Floating solar farms could help to protect lakes and reservoirs from some of the harms of climate change, a new study suggests.

However, given the complex nature of water bodies and differing designs of solar technologies, there could also be detrimental ecosystem impacts of deploying floating solar arrays.

Conventional solar farms are controversial due to the amount of land they take up. This is leading to increasing interest in floating solar farms – making use of the additional space that bodies of water provide.

So far, there are three commercial-size floating solar arrays in the UK, and hundreds more across the world. The number of installations is likely to grow significantly in coming decades as demand rises for renewable energy sources with more countries committing to net zero carbon targets.

However, little is known about the impacts – both positive and negative – these floating solar farms are having on the lakes and reservoirs they are installed on – until now.

Scientists from Lancaster University and the University of Stirling have completed the first detailed modelling of the environmental effects of floating solar installations on bodies of water.

“As demand for land increases, water bodies are increasingly being targeted for renewable energy. Deployment of solar on water increases electricity production, but it is critical to know if there will be any positive or negative environmental consequences,” said Mr Giles Exley, PhD researcher and lead author from Lancaster University.

“Given the relative immaturity of floating solar farms, it is important to further scientific evidence of the impacts. Our results provide initial insight of the key effects that will help inform water body manager and policy maker decisions.”

The research team undertook computer modelling using the MyLake simulation programme and data collected by the UK’s Centre for Ecology and Hydrology from England’s largest lake, Windermere.
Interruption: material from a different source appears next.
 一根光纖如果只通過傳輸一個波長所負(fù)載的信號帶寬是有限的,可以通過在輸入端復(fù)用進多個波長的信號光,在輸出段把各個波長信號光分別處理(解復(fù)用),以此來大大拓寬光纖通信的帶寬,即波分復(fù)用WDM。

Although the researchers believe it is unlikely floating solar farms will be deployed on Windermere, it presents a rich data-set as it is one of the most comprehensively studied lakes in the world.
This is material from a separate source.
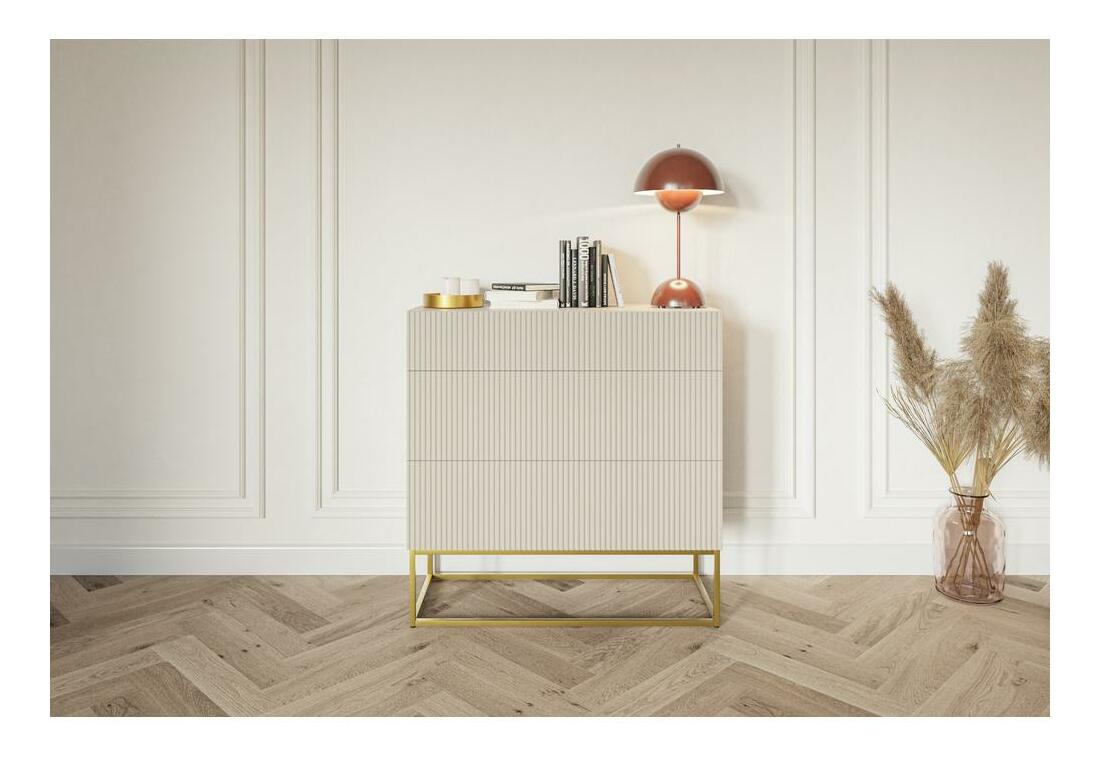 ZobrazitZařizujete si svůj vysněný byt a na dokončení díla potřebujete ještě stylový nábytek? V takové situaci Vám představíme naši jedinečnou kolekci – nábytek, který lhostejně neprojdete Komoda se šuplíky je spojením minimalismu s designérským akcentem v podobě módních lamel celá věc jedinečný charakter – v kombinaci s velkým, S barevnými rostlinami bude nábytek vypadat opravdu skvěle. Nábytek má tři prostorné zásuvky, které budou skvělým místem pro kancelářské potřeby, dokumenty nebo náhradní ručníky. Chcete-li si pokoj personalizovat, důležité rodinné suvenýry či fotografie si nepochybně najdou své místo na široké desce skříňky. Další výhodou nábytku jsou pevné nohy v podobě rámu z prášku lakované oceli, které mu poskytují maximální stabilitu a zároveň jsou stylovým doplňkem do obývacího pokoje. Detail produktu: korpus skříně je vyroben z 16 mm laminovaná deska U750 ST9 Grey Taupe, která je odolná vůči vlhkosti a poškrábání, což zajišťuje dlouhé používání, lamely na přední straně jsou vyrobeny z MDF, zásuvky se otevírají metodou push to open, nohy z oceli s práškovým nástřikem, s klouže, aby se zabránilo poškrábání podlahy.

Their results show that floating solar arrays can cool water temperatures by shading the water from the sun. At scale, this could help to mitigate against harmful effects caused by global warming, such as blooms of toxic blue green algae, and increased water evaporation, which could threaten water supply in some regions.

The scientists found that floating solar installations also reduce the duration of ‘stratification’ – this is where the sun heats the water, forming distinct layers of water at different temperatures. This tends to happen more in the warmer summer months and can result in the bottom layer of water becoming deoxygenated, which deteriorates water quality – an obvious issue for supplies of drinking water. However, the picture is complex and there are also conditions under which stratification, and therefore detrimental water quality impacts, could increase if floating solar farms are deployed.

Mr Exley said: “The effects of floating solar on the temperature of the water body and stratification, both of which are major drivers of biological and chemical processes, could be comparable in magnitude to the changes lakes will experience with climate change. Floating solar could help to mitigate against the negative effects global warming will have on these bodies of water.”

“However, there are also real risks of detrimental impacts, such as deoxygenation causing undesirable increases in nutrient concentrations and killing fish. We need to do more research to understand the likelihood of both positive and negative impacts.”

The effects on water temperature increased the larger the solar installation, with small arrays of less than ten per cent of the lake surface generally having minimal impacts. However, this model concentrated on one lake. Further studies will be needed to determine the optimum size array, and design, and their effects for individual lakes and reservoirs – all of which have unique characteristics. Different designs of solar installations also have different shading and sheltering effects for the sun and wind.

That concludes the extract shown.